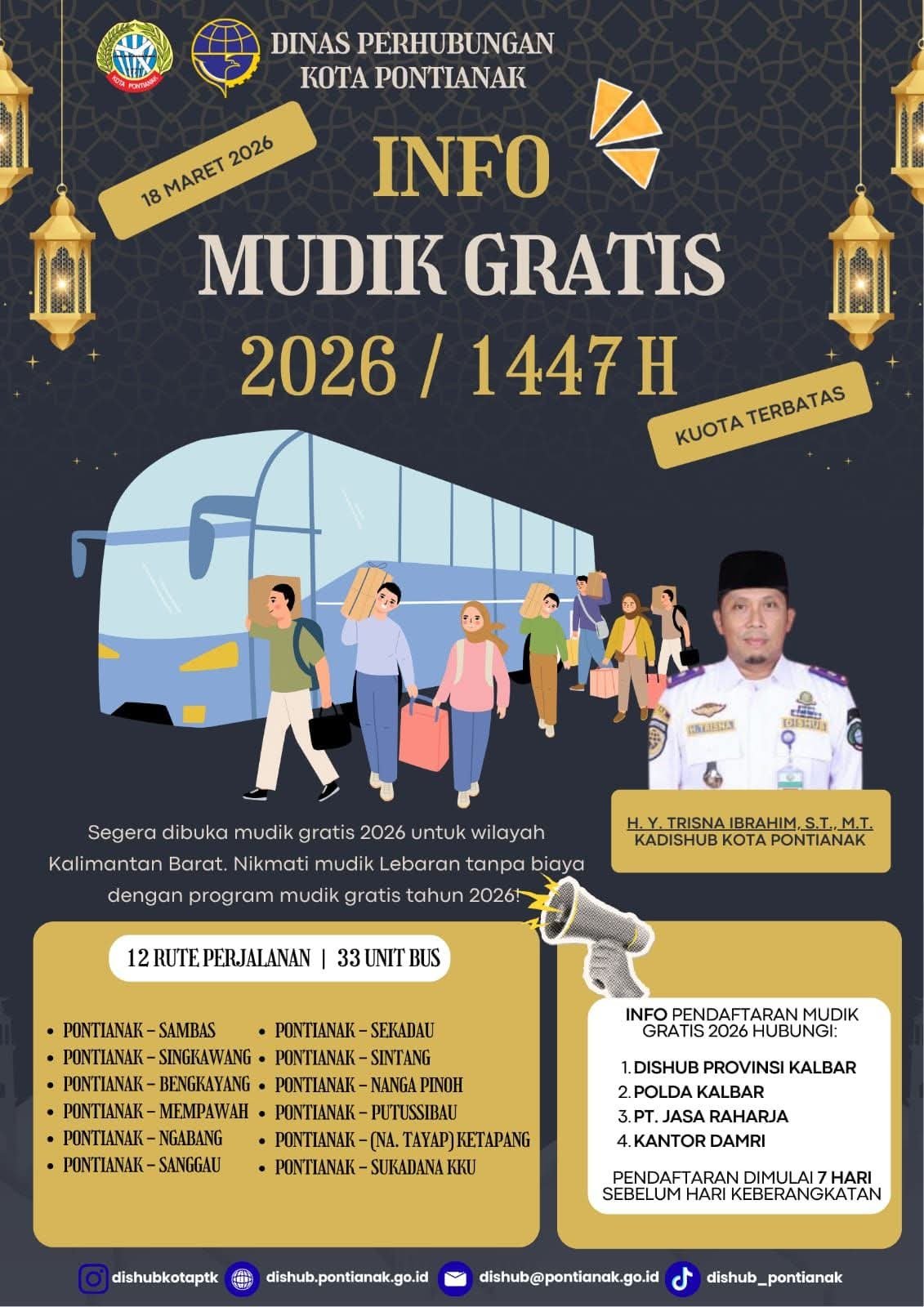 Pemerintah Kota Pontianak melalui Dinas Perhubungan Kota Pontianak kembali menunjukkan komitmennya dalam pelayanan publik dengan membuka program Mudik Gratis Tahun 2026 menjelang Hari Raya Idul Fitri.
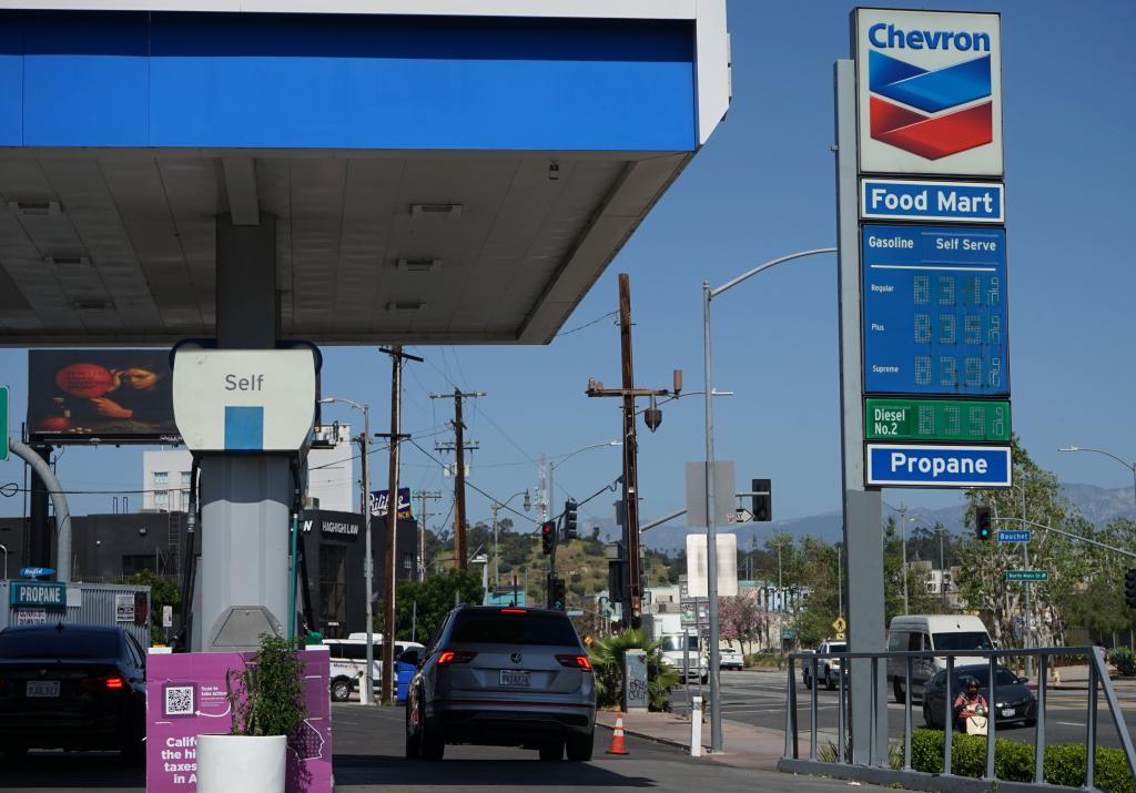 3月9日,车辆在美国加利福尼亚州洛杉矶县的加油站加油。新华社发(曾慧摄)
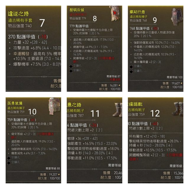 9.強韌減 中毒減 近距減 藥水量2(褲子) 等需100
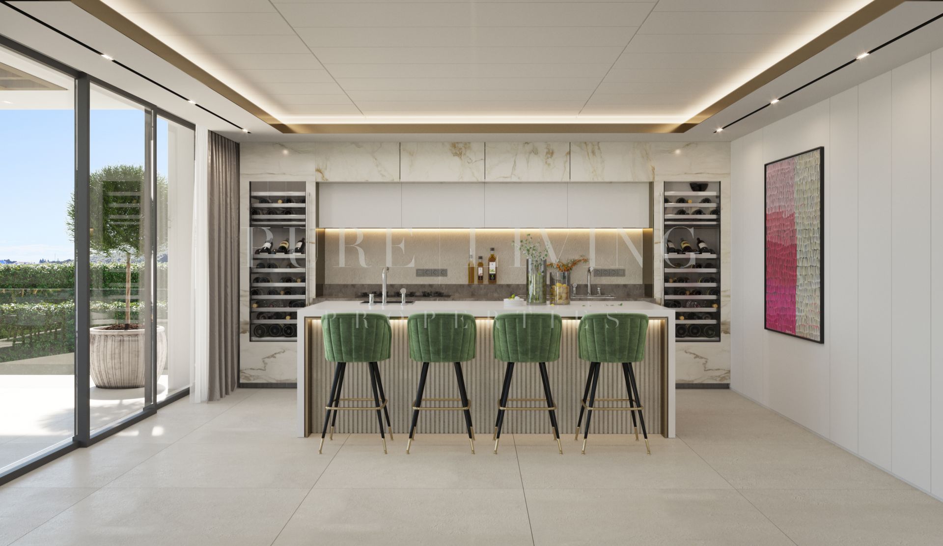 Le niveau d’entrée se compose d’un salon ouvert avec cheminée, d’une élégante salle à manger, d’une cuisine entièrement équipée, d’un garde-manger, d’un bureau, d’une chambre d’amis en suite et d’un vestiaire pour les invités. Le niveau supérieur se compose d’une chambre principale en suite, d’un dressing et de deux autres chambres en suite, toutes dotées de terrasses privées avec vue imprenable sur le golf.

■ Task prompt
Copy each line of the listing exactly, skipping any picture.

■ Result for this exercise
 Pemerintah Kota Pontianak melalui Dinas Perhubungan Kota Pontianak kembali menunjukkan komitmennya dalam pelayanan publik dengan membuka program Mudik Gratis Tahun 2026 menjelang Hari Raya Idul Fitri.
 3月9日,车辆在美国加利福尼亚州洛杉矶县的加油站加油。新华社发(曾慧摄)
 9.強韌減 中毒減 近距減 藥水量2(褲子) 等需100
 Le niveau d’entrée se compose d’un salon ouvert avec cheminée, d’une élégante salle à manger, d’une cuisine entièrement équipée, d’un garde-manger, d’un bureau, d’une chambre d’amis en suite et d’un vestiaire pour les invités. Le niveau supérieur se compose d’une chambre principale en suite, d’un dressing et de deux autres chambres en suite, toutes dotées de terrasses privées avec vue imprenable sur le golf.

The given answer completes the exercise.